Your task -
An exact copy of the records below is required, and it must contain no pictures.

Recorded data
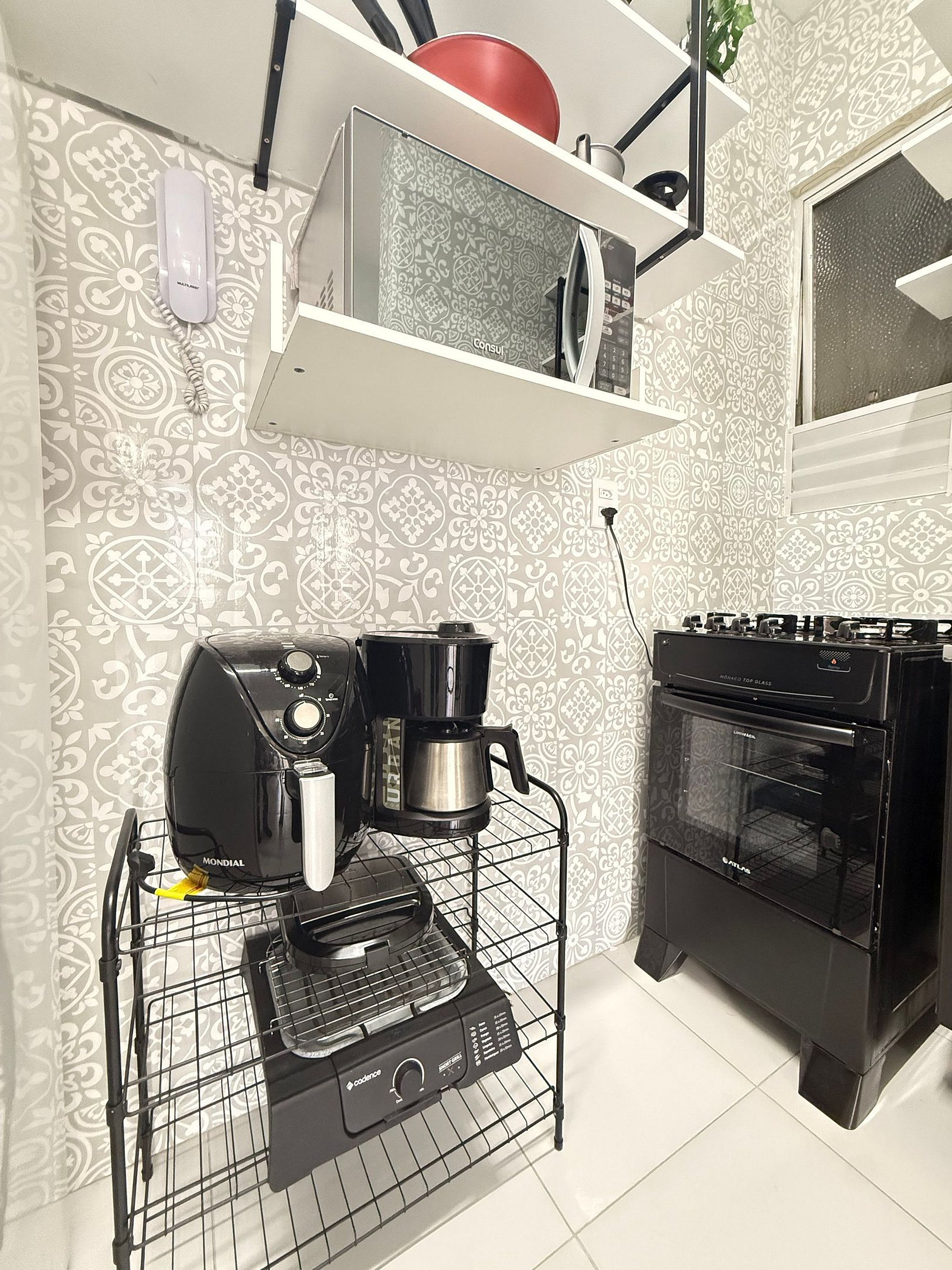 - Airfryer, liquidificador, sanduicheira, grill, fogão e diversos utensílios e travessas.
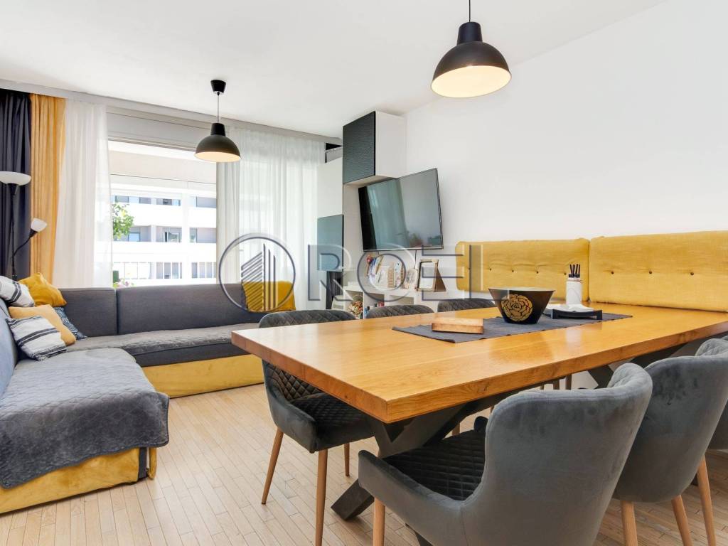 Novi Zagreb, Otok, three-bedroom apartment on the seventh floor consisting of an entrance, kitchen, bathroom, toilet, living room with dining room, two bedrooms, two balconies, storage room on -1, garage space (which has been converted into a garage) on -2, total net usable area of 84.63 m2The apartment is south-facing and has roller shutters on the balconies, heating-heat pump.It is located in an excellently connected location near kindergartens, schools, health center, shops and public transport. Avenue Mall shopping center and Bundek park are a few minutes away. Fast connection to the city center, airport and highway.Other information on request.
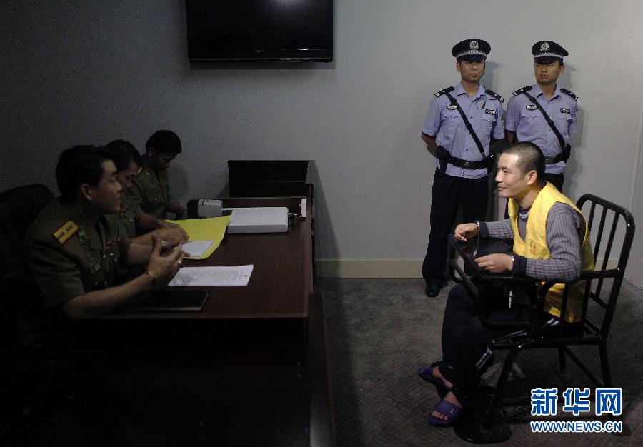 老撾公安部工作組提審“金三角”地區(qū)特大武裝販毒集團(tuán)及“10·5”案件主犯糯康(7月17日攝)。近日,應(yīng)中國(guó)公安部邀請(qǐng),由老撾公安部警察總局局長(zhǎng)西沙瓦擔(dān)任組長(zhǎng)的老撾公安部工作組,專程來(lái)華提審“金三角”地區(qū)特大武裝販毒集團(tuán)及“10·5”案件主犯糯康等犯罪嫌疑人。新華社記者王申攝
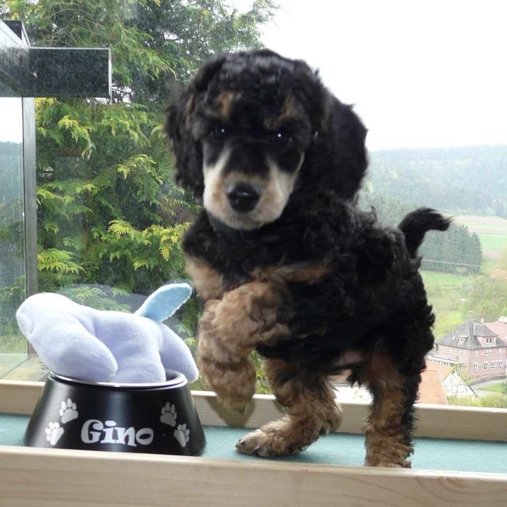 Und Gino? Der letzte Gigant wartet noch zwei Wochen bis er abgeholt wird. Solange lernt er, was so eben zum Hundeleben gehört. Aber Spiel und Spaß mit den anderen Sonnenpudeln kommen auch nicht zu kurz!
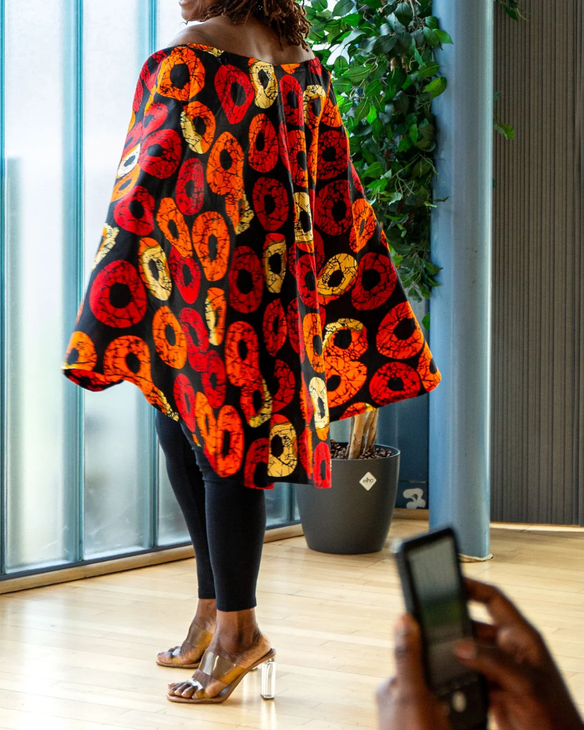 Make a bold fashion statement with this stunning Ankara African Print Free-Size Cape Top. Infused with the rich heritage of African textiles, this cape features a striking concentric circle pattern in fiery shades of red, orange, and golden yellow set against a deep black background.
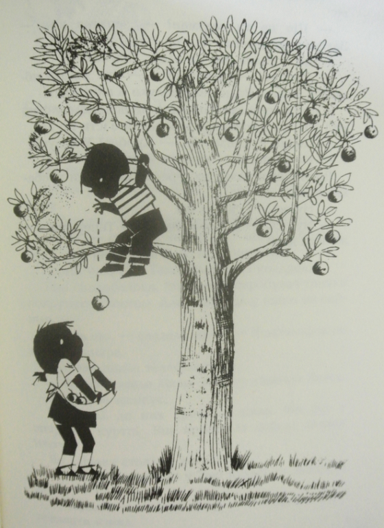 А в осеннем сборнике "Листик на паутинке" с рисунками Марии Зарембы яблочко покрыто тонким кружевом инея:

Reply to the exercise -
 - Airfryer, liquidificador, sanduicheira, grill, fogão e diversos utensílios e travessas.
 Novi Zagreb, Otok, three-bedroom apartment on the seventh floor consisting of an entrance, kitchen, bathroom, toilet, living room with dining room, two bedrooms, two balconies, storage room on -1, garage space (which has been converted into a garage) on -2, total net usable area of 84.63 m2The apartment is south-facing and has roller shutters on the balconies, heating-heat pump.It is located in an excellently connected location near kindergartens, schools, health center, shops and public transport. Avenue Mall shopping center and Bundek park are a few minutes away. Fast connection to the city center, airport and highway.Other information on request.
 老撾公安部工作組提審“金三角”地區(qū)特大武裝販毒集團(tuán)及“10·5”案件主犯糯康(7月17日攝)。近日,應(yīng)中國(guó)公安部邀請(qǐng),由老撾公安部警察總局局長(zhǎng)西沙瓦擔(dān)任組長(zhǎng)的老撾公安部工作組,專程來(lái)華提審“金三角”地區(qū)特大武裝販毒集團(tuán)及“10·5”案件主犯糯康等犯罪嫌疑人。新華社記者王申攝
 Und Gino? Der letzte Gigant wartet noch zwei Wochen bis er abgeholt wird. Solange lernt er, was so eben zum Hundeleben gehört. Aber Spiel und Spaß mit den anderen Sonnenpudeln kommen auch nicht zu kurz!
 Make a bold fashion statement with this stunning Ankara African Print Free-Size Cape Top. Infused with the rich heritage of African textiles, this cape features a striking concentric circle pattern in fiery shades of red, orange, and golden yellow set against a deep black background.
 А в осеннем сборнике "Листик на паутинке" с рисунками Марии Зарембы яблочко покрыто тонким кружевом инея:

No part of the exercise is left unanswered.